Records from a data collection
##########

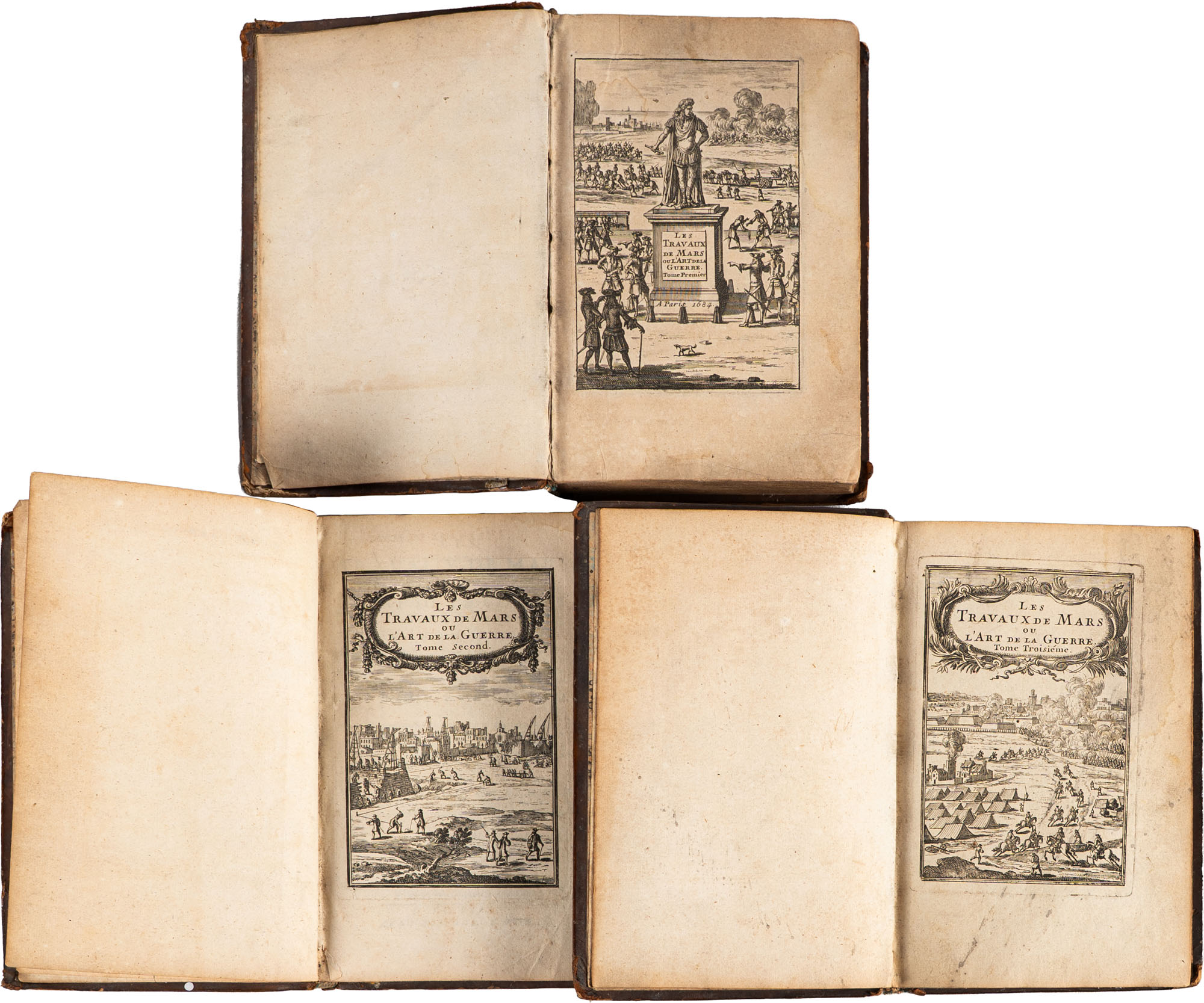 Allain Manesson Mallet - Les traveaux de Mars, ou l'art de la guerre divise' en trois parties... lettera dedicatoria al re
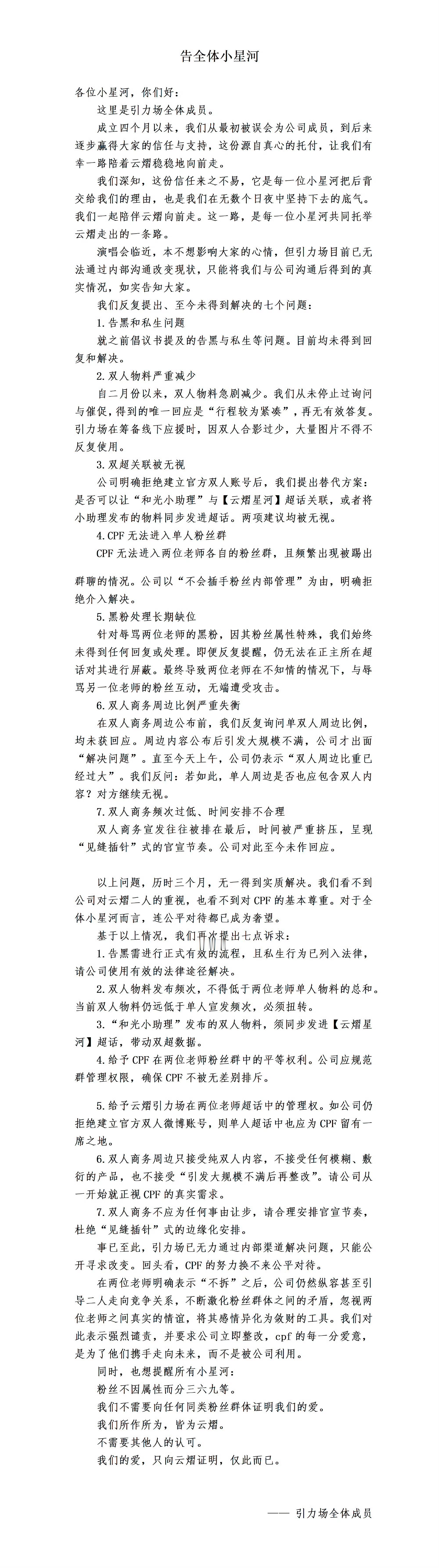 云熠星河维权 云熠星河CP粉发文:提出至今未解决的七个问题,云旗、郝熠然双人物料严重减少,cp粉无法进入单人粉丝群,双人周边商务比例严重失调等,要求尊重cp粉。
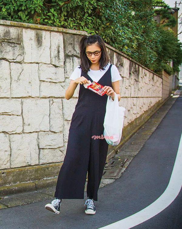 只是出门买点东西,直接穿上连体裤更方便。随意扎起的丸子头显得整个人可爱。
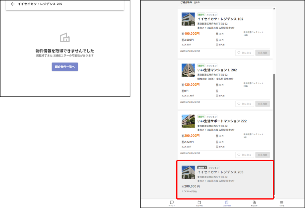 メッセージに挿入した募集止めの反響物件をクリックした際は、マイページ上で募集終了の旨が表示されます。
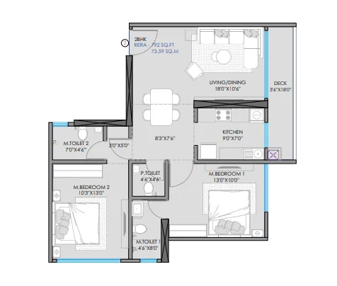 The 2 BHK apartments are designed to offer efficient layouts and comfortable living spaces. These homes feature spacious living and dining areas, well-planned kitchens, and private bedrooms that provide a balanced living environment for families.
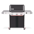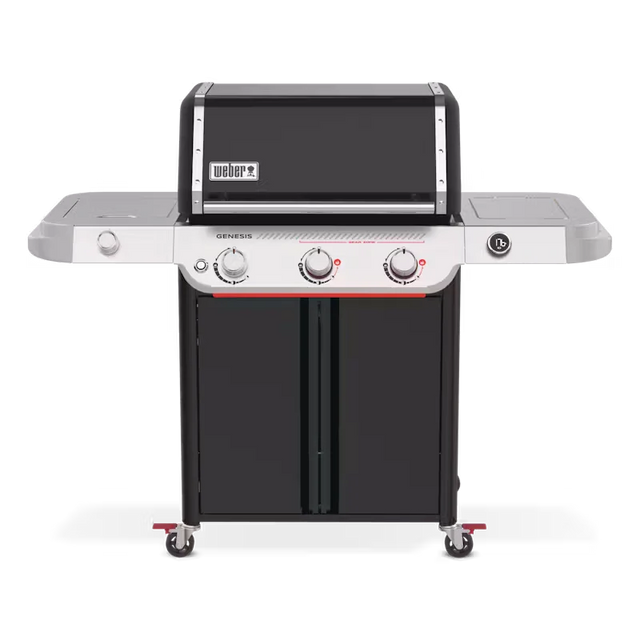 Take your entertaining to the next level and create unforgettable food with the reinvented 3-burner Genesis® E-335W Gas Barbecue with Sear Zone and Side Burner. Crank up the heat with two Boost Burners that unleash up to 35% more power in the extra-large Sear Zone for bold, flavourful sear marks on meat, fish, and vegetables. Get even heat across the cooking grates with the upgraded high-efficiency PureBlu burner system that ignites reliably and maintains a consistent gas flow. Enjoy a side burner for simmering or sautéing and an easy-to-read digital thermometer. Explore new ways to cook and entertain with the included Weber Crafted® Gourmet BBQ System cooking grates that hold a variety of grillware (sold separately), like the sear grate, pizza stone, griddle, and more. Add a Weber Crafted® Frame Kit (sold separately) to fit a variety of Weber Crafted® grillware (sold separately). Keep utensils, seasonings, and prepped food handy, ready to barbecue and easy to serve with customizable side tables that fit a variety of Weber Works drop-in accessories and snap-on accessories (sold separately).
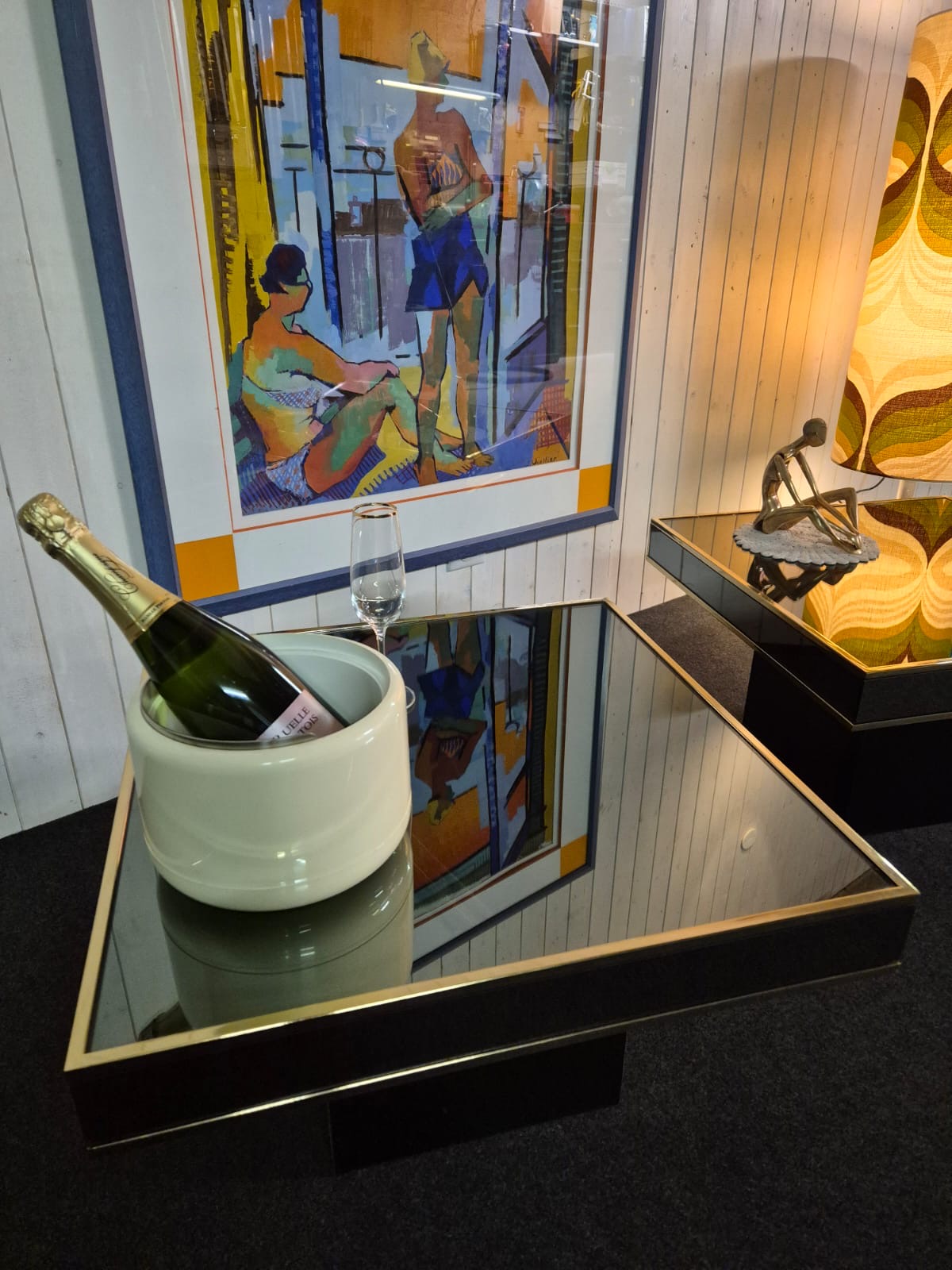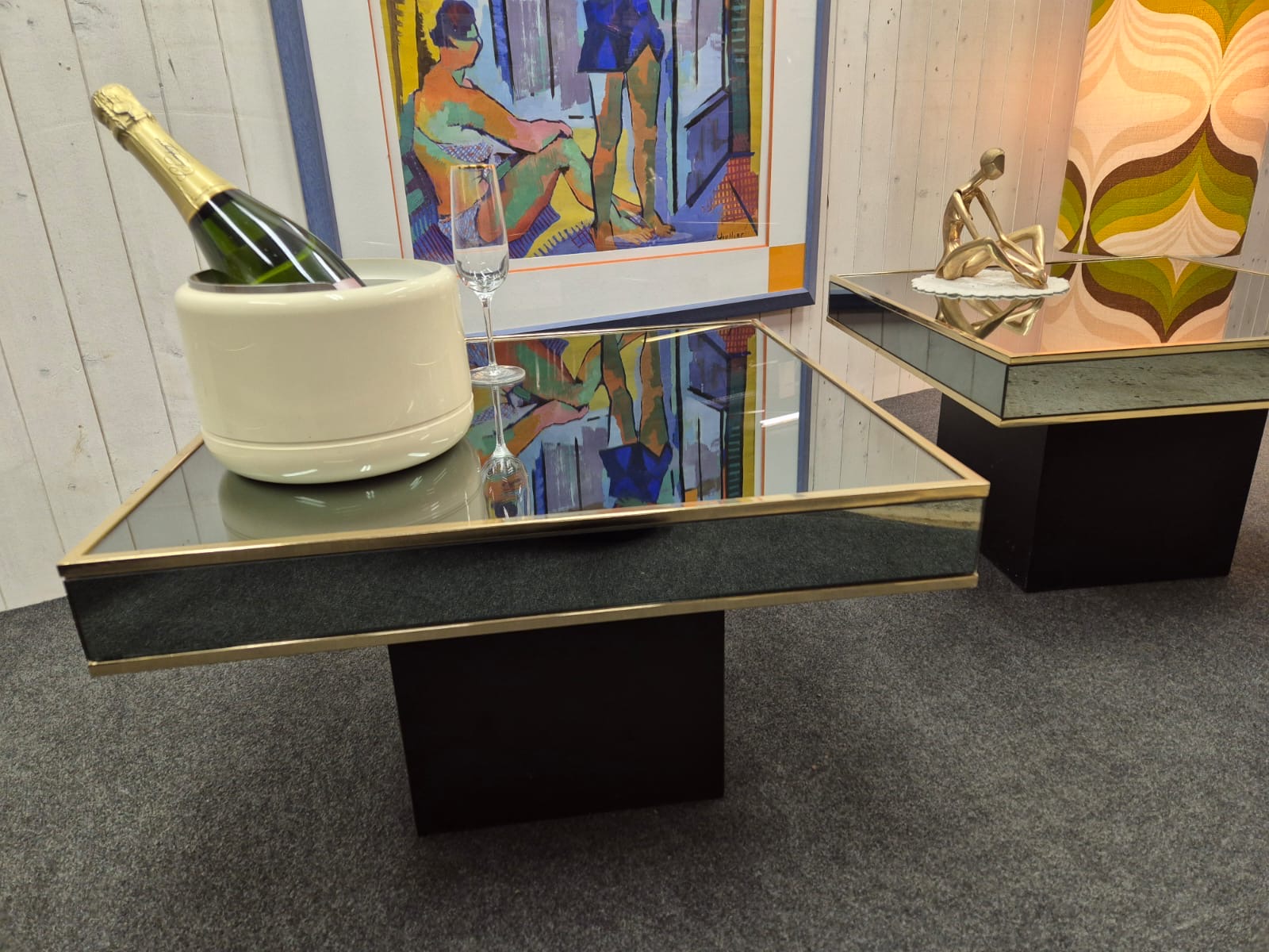 Bout de canapé signé Willy Rizzo pour Cidue , années 70.Très design, en acier laitonné et verre miroité fumé.Un petit éclat sur un bord d'un des deux mais vraiment léger.Dimensions :60x60cm , hauteur 40cm

##########

Exclude the images and reproduce the remaining data exactly.

*EXERCISE RESULT*.
 Allain Manesson Mallet - Les traveaux de Mars, ou l'art de la guerre divise' en trois parties... lettera dedicatoria al re
 云熠星河维权 云熠星河CP粉发文:提出至今未解决的七个问题,云旗、郝熠然双人物料严重减少,cp粉无法进入单人粉丝群,双人周边商务比例严重失调等,要求尊重cp粉。
 只是出门买点东西,直接穿上连体裤更方便。随意扎起的丸子头显得整个人可爱。
 メッセージに挿入した募集止めの反響物件をクリックした際は、マイページ上で募集終了の旨が表示されます。
 The 2 BHK apartments are designed to offer efficient layouts and comfortable living spaces. These homes feature spacious living and dining areas, well-planned kitchens, and private bedrooms that provide a balanced living environment for families.
 Take your entertaining to the next level and create unforgettable food with the reinvented 3-burner Genesis® E-335W Gas Barbecue with Sear Zone and Side Burner. Crank up the heat with two Boost Burners that unleash up to 35% more power in the extra-large Sear Zone for bold, flavourful sear marks on meat, fish, and vegetables. Get even heat across the cooking grates with the upgraded high-efficiency PureBlu burner system that ignites reliably and maintains a consistent gas flow. Enjoy a side burner for simmering or sautéing and an easy-to-read digital thermometer. Explore new ways to cook and entertain with the included Weber Crafted® Gourmet BBQ System cooking grates that hold a variety of grillware (sold separately), like the sear grate, pizza stone, griddle, and more. Add a Weber Crafted® Frame Kit (sold separately) to fit a variety of Weber Crafted® grillware (sold separately). Keep utensils, seasonings, and prepped food handy, ready to barbecue and easy to serve with customizable side tables that fit a variety of Weber Works drop-in accessories and snap-on accessories (sold separately).
 Bout de canapé signé Willy Rizzo pour Cidue , années 70.Très design, en acier laitonné et verre miroité fumé.Un petit éclat sur un bord d'un des deux mais vraiment léger.Dimensions :60x60cm , hauteur 40cm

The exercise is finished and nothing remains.